The plugins that appear in the evaluation set do not appear in the training set of Qwen. This benchmark evaluates the accuracy of the model in selecting the correct plugin from multiple candidate plugins, the rationality of the parameters passed into the plugin, and the false positive rate. False Positive: Incorrectly invoking a plugin when it should not have been called when responding to a query.

Qwen also has the capability to be used as a HuggingFace Agent. Its performance on the benchmark provided by HuggingFace is as follows:

Model Tool Selection↑ Tool Used↑ Code↑
GPT-4 100.00 100.00 97.41
GPT-3.5 95.37 96.30 87.04
StarCoder-15.5B 87.04 87.96 68.89
Qwen-7B 90.74 92.59 74.07

Conclusion

In this document, we describe Qwen-7B, including a pretrained model and a human-aligned model.

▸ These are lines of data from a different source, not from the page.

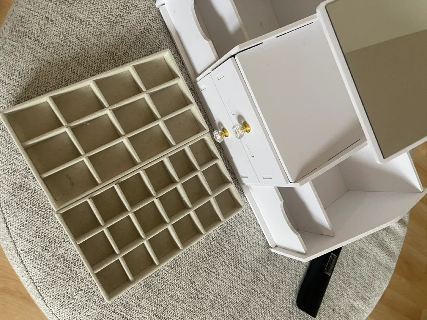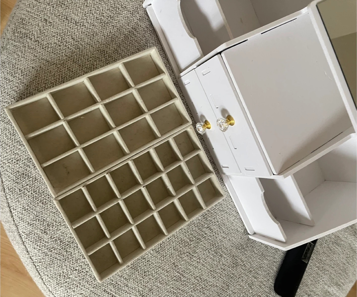 Selling a white wooden makeup organizer, perfect for keeping all your essentials tidy! It features a mirror and several compartments to store your makeup and jewelry. It's in great condition and ready for a new home
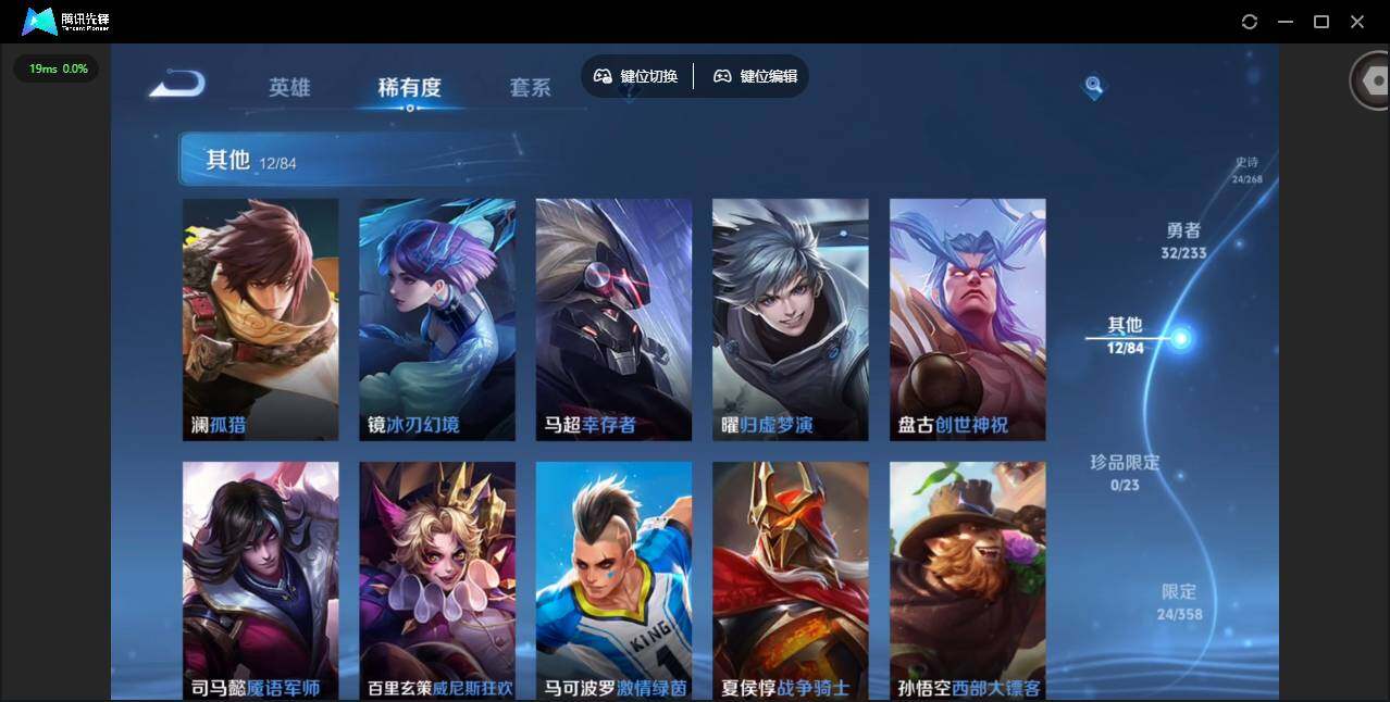 实名: 可修改 贵族等级: V5 英雄数: 102 皮肤数: 70 传说皮: 一念神魔,澜逐花归海 限定皮: 孙行者,逐霄战戟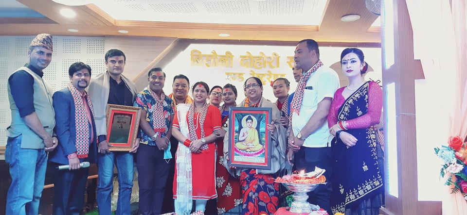 शुभारम्भको अवसरमा दोहोरीसाँझले पत्रकार राजाराम पौडेल सम्मान गरेको छ । पत्रकार पौडेललाई नेपाल संगीत तथा नाट्य प्रज्ञा प्रतिष्ठानका प्राज्ञ तथा लोकसंगीत विभाग प्रमुख वरिष्ठ गायिका हरिदेवी कोइरालाले सम्मान गरेकी हुन् । पत्रकारिताको माध्यमबाट लोकसंगीतको क्षेत्रमा पु¥याएको योगदानको कदर गर्दै सम्मान गरिएको सञ्चालक दर्नालले बताए । रेडियो अन्नपूर्णमा आवद्ध पत्रकार पौडेल रंगपत्रकारिता क्षेत्रमा क्रियाशिल छन् ।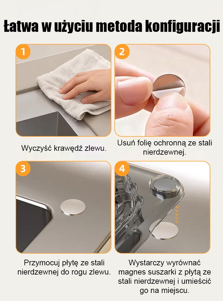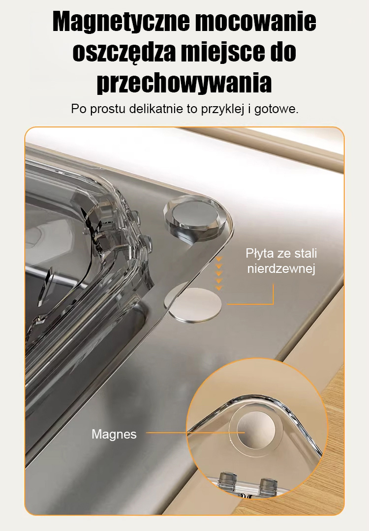 ✨ Montaż magnetyczny bez wiercenia, trwały materiał PET łatwy w czyszczeniu, separacja mokrego i suchego bez zajmowania miejsca

These models have demonstrated exciting performance compared to existing open models of similar or even larger scales. As part of our ongoing commitment to the concept of Model as a Service, the release also includes practical pieces such as long context inference and external system integration, which we hope would facilitate developers realizing their own ideas and concepts. We believe that the open release of Qwen-7B models would further our understanding of variables and techniques introduced in realistic settings and help to drive progress in this important area together with the community.